Sunday, May 16, 2021

Isaac Curtis Brewer III and IV


A portrait of Isaac Curtis Brewer III is among the many photographs taken by Willard A. Bishop of prominent Sandusky men from the late eighteenth and early twentieth centuries. This Mr. Brewer was the husband of the former Sarah Morton, and was well known as a civil engineer. He was born in Massachusetts in 1824, but moved to Conneaut, Ohio by 1870. In 1872 he bought a home in Sandusky, at 519 Huron Avenue. From 1864 to 1887, he worked for the Lake Shore Railroad. Mr. Brewer died on June 5, 1896, and he was buried in Conneaut, Ohio following Masonic services. 

Isaac Curtis Brewer IV was born on January 29, 1868. The younger Mr.
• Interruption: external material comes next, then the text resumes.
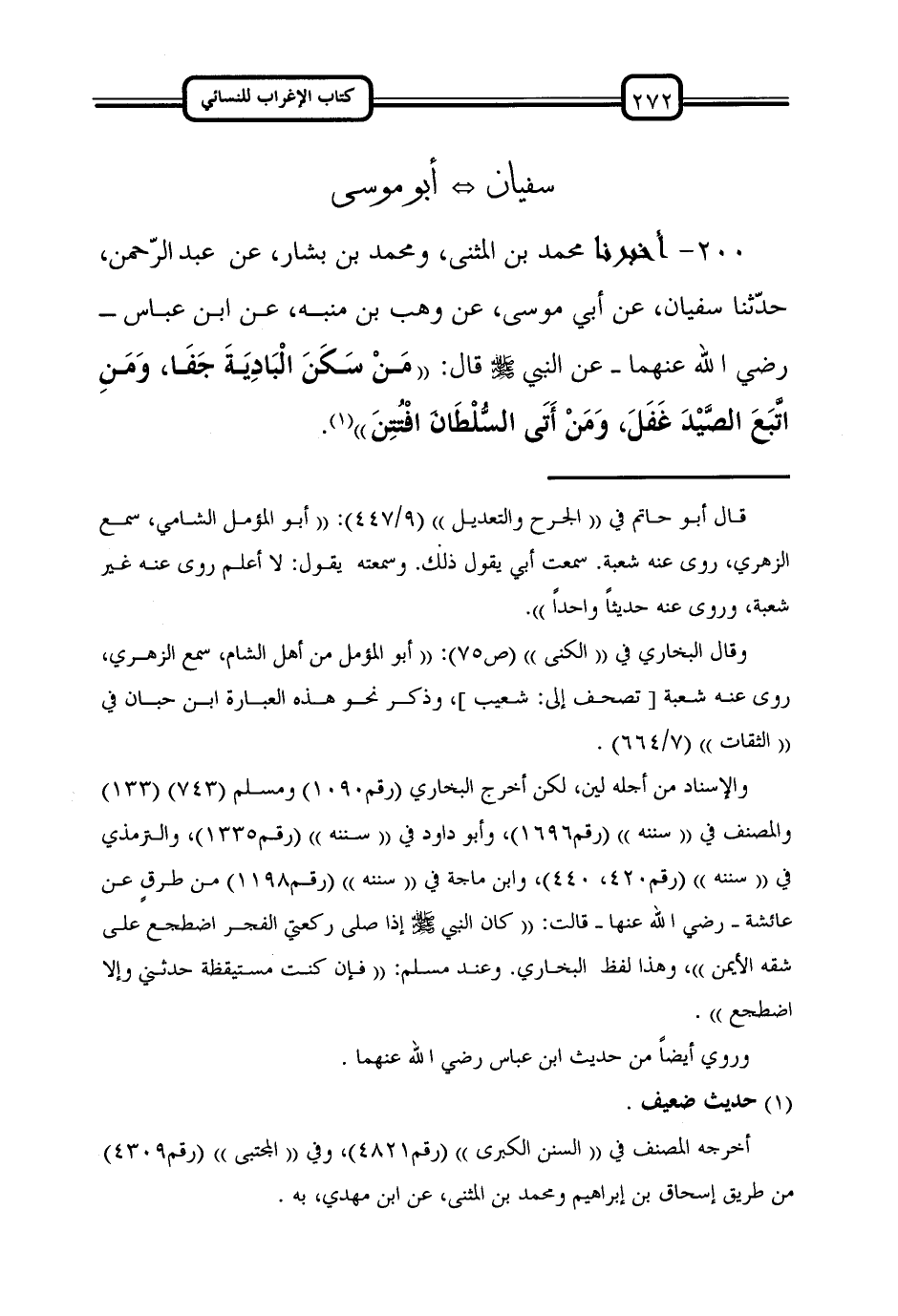 200 - أَخْبَرَنَا مُحَمَّدُ بْنُ الْمُثَنَّى، وَمُحَمَّدُ بْنُ بَشَّارٍ، عَنْ عَبْدِ الرَّحْمَنِ، حَدَّثَنَا سُفْيَانُ، عَنْ أَبِي مُوسَى، عَنْ وَهْبِ بْنِ مُنَبِّهٍ، عَنِ ابْنِ عَبَّاسٍ - رَضِيَ اللَّهُ عَنْهُمَا- عَنِ النَّبِيِّ صَلَّى اللَّهُ عَلَيْهِ وَسَلَّمَ قَالَ: ((مَنْ سَكَنَ الْبَادِيَةَ جَفَا، وَمَنِ اتَّبَعَ الصَّيْدَ غَفَلَ، وَمَنْ أَتَى السُّلْطَانَ افْتُتِنَ)).

Brewer worked as an assistant engineer in the city engineer’s office, but by 1900, he was the superintendent of the Jarecki Chemical Company, which made fertilizer from the byproducts of fish. Isaac C. Brewer IV is pictured below, with other employees of the Jarecki Chemical Company, next to a load of fish. He is the second man from the right.

The first marriage of Isaac Curtis Brewer IV, to Annette Fitch, ended in divorce. Following the divorce, Annette Fitch Brewer left Sandusky with her young son, Isaac Curtis Brewer V. She wrote a book chronicling her cross country adventure, as well as the child custody dispute. By 1920 Isaac Curtis Brewer, IV had married Martha Anthony. 
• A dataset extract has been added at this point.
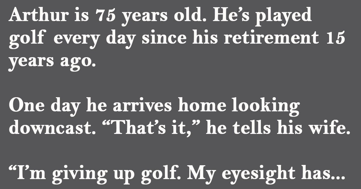 “I’m giving up golf. My eyesight has become so bad that once I hit the ball I couldn’t see where it went.”

On June 29, 1933, I.C. Brewer IV fell to his death in Sandusky Bay, near Battery Park. Dr. John Yochem reported that Mr. Brewer, who had a history of heart trouble, had either suffered a stroke and fell into the bay, or possibly he had slipped and fallen into the bay to his death. Funeral arrangements were handled by the Charles J. Andres Sons' Funeral Home, and burial was at Oakland Cemetery


A page from the Brewer family Bible, now in the collections of the Sandusky History Archives Research Center lists the birth of Isaac Curtis Brewer V as August 14, 1899 in Ashtabula, Ohio. He attended college at Kenyon College, and served in the U.S. Army during World War I, he later married and moved to Iowa.